Re: Transparent Content Negotiation & Search Engine Indexation.

On Fri, 5 Jan 2001, Vincent-Olivier Arsenault wrote:

> Hi all,
> 
> This message has been posted to the w3's list and to the technical support 
> for different major search engines. Please reply to the list (I will commit 
> the messages send only to me).
> 
> Simply put, let say that http://www.name.com is a pointer to 8 different 
> document (4 locales: en-us, en-ca, fr-ca, es-us. 2 document type: html, wml).
> 
> There is no translation, the content for the locales is COMPLETELY unrelated.
> 
> There is a link to switch to the 3 other locales on all the pages (both wml 
> and html).
> 
> The transparent content negotiation is based on the accept* and the 
> user-agent HTTP headers.
> 
> If there is no match in the available permutations (locales x dtd), or if 
> there is nothing specified, the default locale is en-us and the default DTD 
> is html.
> 
> Here are my questions:
> 
> Q1: Does the indexing robots make use of the content negotiation parameters 
> (http headers)?
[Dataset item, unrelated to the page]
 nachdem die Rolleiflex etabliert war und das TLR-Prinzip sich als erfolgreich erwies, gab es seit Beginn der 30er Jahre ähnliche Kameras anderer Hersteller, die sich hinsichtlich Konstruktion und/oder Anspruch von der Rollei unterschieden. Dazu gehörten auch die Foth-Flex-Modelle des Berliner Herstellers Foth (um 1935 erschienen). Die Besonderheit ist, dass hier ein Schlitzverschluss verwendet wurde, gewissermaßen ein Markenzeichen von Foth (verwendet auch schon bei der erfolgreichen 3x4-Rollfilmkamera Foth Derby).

If so, in what way?
> 
> Q2: Does the search engines return result URIs from documents that were 
> obtained with a robot using content negotiation parameters (http headers) 
> that match those of the user?
> ie: Would a spanish user get http://www.name.com  (not 
> http://www.name.com/index.es.html, the link to the spanish section from 
> other locales) for keywords on the spanish version?

I am not a robot author but I did work on content negotiation standards.
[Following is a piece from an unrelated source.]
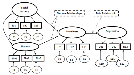 Let’s look at an example of a structural model. This simple model tests how an individu- al’s levels of Social Anxiety and Shyness influence Loneliness perceptions. These Loneliness perceptions will then directly influence evaluations of Depression. Let’s try to calculate the degrees of freedom.You have 12 indicators, 4 constructs, 2 gamma relationships, and 1 beta relationship.

For Q1, my guess here is that robots do not currently use much of the
content negotiation parameters, if at all. Negotiation can be done at the
server in many ways, and in general there is no reliable way in which a
robot could make sense of all cases. The transparent content negotiation
specification does have a mechanism (the Alternates response header) which
would allow a robot to learn a lot about the structure of the negotiated
content, but servers will not always produce this header.  If negotiation
is done with mod_negotiation in newer version of Apache, the robot *can*
get the Alternates header if it wants to, I don't know if any current
robots use this facility.  Mod_negotiation does not currently support
user-agent header based negotiation so for many advanced cases of
negotiation I expect there is still a lot of hand-coding in servers,
without the option of getting an alternates header. All in all my answer
to Q2 is: the engine will probably return the link to the spanish section,
not the http://www.name.com link.

> 
> thanks,
> 
> vincent

Koen.

Received on Tuesday, 9 January 2001 05:51:48 UTC